The legislation's smuggling language is intended to pin down real smugglers, Espinosa said, not good Samaritans.

But the language in the final House bill, and in the early versions of the Senate bill, is too broad to make that distinction, said Jeanne Butterfield, executive director of the American Immigration Lawyers Association.

“If I can be shown to have some reason to have suspected that a person was undocumented, that makes me vulnerable,” Butterfield said. “The other side will say nobody is going to prosecute these groups, but why do you need this in the law? The (existing) aiding and abetting statute is already very thorough if you're trying to go after smugglers.”

During the past week, there has been discussion in the Judiciary Committee of softening the language pertaining to churches and others providing aid to the undocumented, but these changes have not been voted on. The committee is expected to resume discussion Wednesday of the proposed Senate legislation, which eventually could be combined with the House measure in a compromise bill including elements of both.

National religious organizations have spoken against the expanded smuggling language, including the United States Conference of Catholic Bishops and the Executive Council of the Episcopal Church.

“The church is here to serve all of God's people, and that includes undocumented neighbors,” said Scott Richardson, dean of St. Paul's Episcopal Cathedral in San Diego. “We have (Spanish language Mass) every Sunday, and we don't ask what their documented status is when they come to church.”

Speaking on Ash Wednesday, Cardinal Roger Mahony of the Roman Catholic Archdiocese of Los Angeles said he would tell priests and lay Catholics to defy any law making it a crime to offer support to undocumented immigrants, a move that was cheered by local Catholic organizations.

“We are very, very heartened that Cardinal Mahony's statement on Ash Wednesday was so explicit,” said Dede Hollowell, director of immigrant services for Catholic Charities in San Diego, which among other things processes immigration paperwork and runs two homeless shelters, including one for farmworkers and day laborers in Carlsbad.

The Roman Catholic Diocese of San Diego, like others throughout the country, is participating in a churchwide campaign called Justice for Immigrants, lobbying for immigration reform that the Conference of Catholic Bishops considers more comprehensive and less punitive.

While some fear there could be a chilling effect if the expanded smuggling language becomes law, various faith-based and nondenominational groups have vowed to continue their outreach work.

“In that case, we would go ahead and violate the law, because sometimes the law is wrong,” said John Hunter, a San Diego physicist who heads one of a few local groups that set up water stations in the desert. “These poor guys are dying out there, and women, and no one is helping them.”

Hunter – whose lawmaker brother, Rep. Duncan Hunter, R-El Cajon, is a staunch supporter of increased border enforcement – questioned just how far such language could stretch.

“If that is taken literally, they are going to have to lock up the Border Patrol for saving lives,” he said. “If they find a guy who is about to die, they pour water down his throat.”

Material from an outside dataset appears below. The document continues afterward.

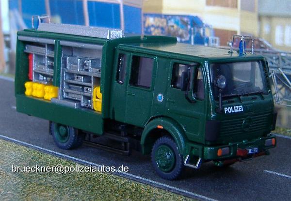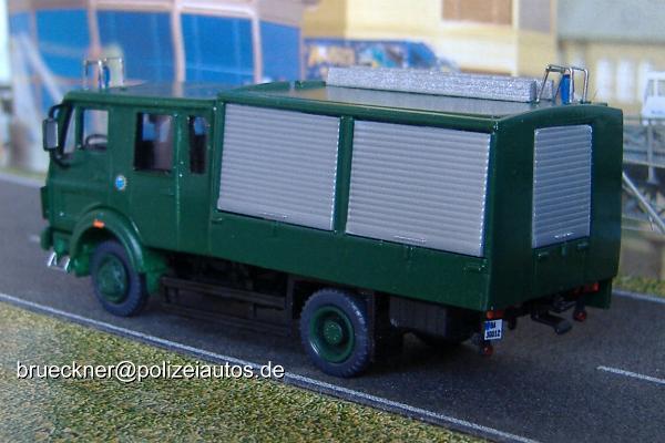 Als Grundmodell wurde ein Preiser Feuerwehrbausatz verwendet. An der Fahrerkabine wurden die hinteren Türen etwas nach vorne versetzt, die hinteren Seitenfenster ausgeschnitten und das Dach glattgespachtelt. Am Aufbau wurden die Rolläden gekürzt und aus Plastikplatten die Bordwände selbst gefertigt, außerdem wurde ebenfalls ein glattes Dach verbaut. Der Unterfahrschutz stammt aus dem Wiking-Zubehör, die Astabweiser über den Blaulichtern von Rietze, die Windabweiser vorne und die Abschleppstange von Roco. Umbau: Brückner

In North County, where a large number of working homeless immigrants hold jobs in local nurseries, farms and landscaping businesses, Terri Trujillo of Our Lady of Mount Carmel Church in Rancho Peñasquitos expressed similar commitment.

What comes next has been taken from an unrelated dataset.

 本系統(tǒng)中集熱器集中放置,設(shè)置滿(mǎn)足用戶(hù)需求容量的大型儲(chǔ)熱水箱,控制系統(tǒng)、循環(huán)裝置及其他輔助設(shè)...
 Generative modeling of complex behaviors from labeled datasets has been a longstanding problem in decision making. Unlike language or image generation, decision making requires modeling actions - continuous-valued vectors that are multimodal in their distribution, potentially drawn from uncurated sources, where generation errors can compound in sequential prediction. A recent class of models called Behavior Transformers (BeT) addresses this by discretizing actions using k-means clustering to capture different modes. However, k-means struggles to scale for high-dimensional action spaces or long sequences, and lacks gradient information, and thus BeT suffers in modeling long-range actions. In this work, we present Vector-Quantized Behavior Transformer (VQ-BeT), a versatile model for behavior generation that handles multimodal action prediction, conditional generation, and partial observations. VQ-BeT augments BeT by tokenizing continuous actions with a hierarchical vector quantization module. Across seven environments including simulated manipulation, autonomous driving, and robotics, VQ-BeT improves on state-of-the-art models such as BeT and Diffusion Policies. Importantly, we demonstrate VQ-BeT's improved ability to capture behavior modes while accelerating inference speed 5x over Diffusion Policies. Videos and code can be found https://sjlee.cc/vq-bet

“We have always ministered to the migrants, with or without legislation,” said Trujillo, coordinator of a migrant outreach ministry that for years has held Sunday worship services in a canyon where many of the homeless live, and served hot meals.

“If they are hungry, we feed them,” she said.

Not everyone is worried about the language in the proposed legislation becoming law, but they find its mere discussion is troublesome enough.

“I don't know that a lot of us are terrified that it would be signed, but what does concern us is that we have reached this state in the discussion about immigration where that would even be considered,” said Auther at Our Lady of Guadalupe. “It is just such an ugly atmosphere.”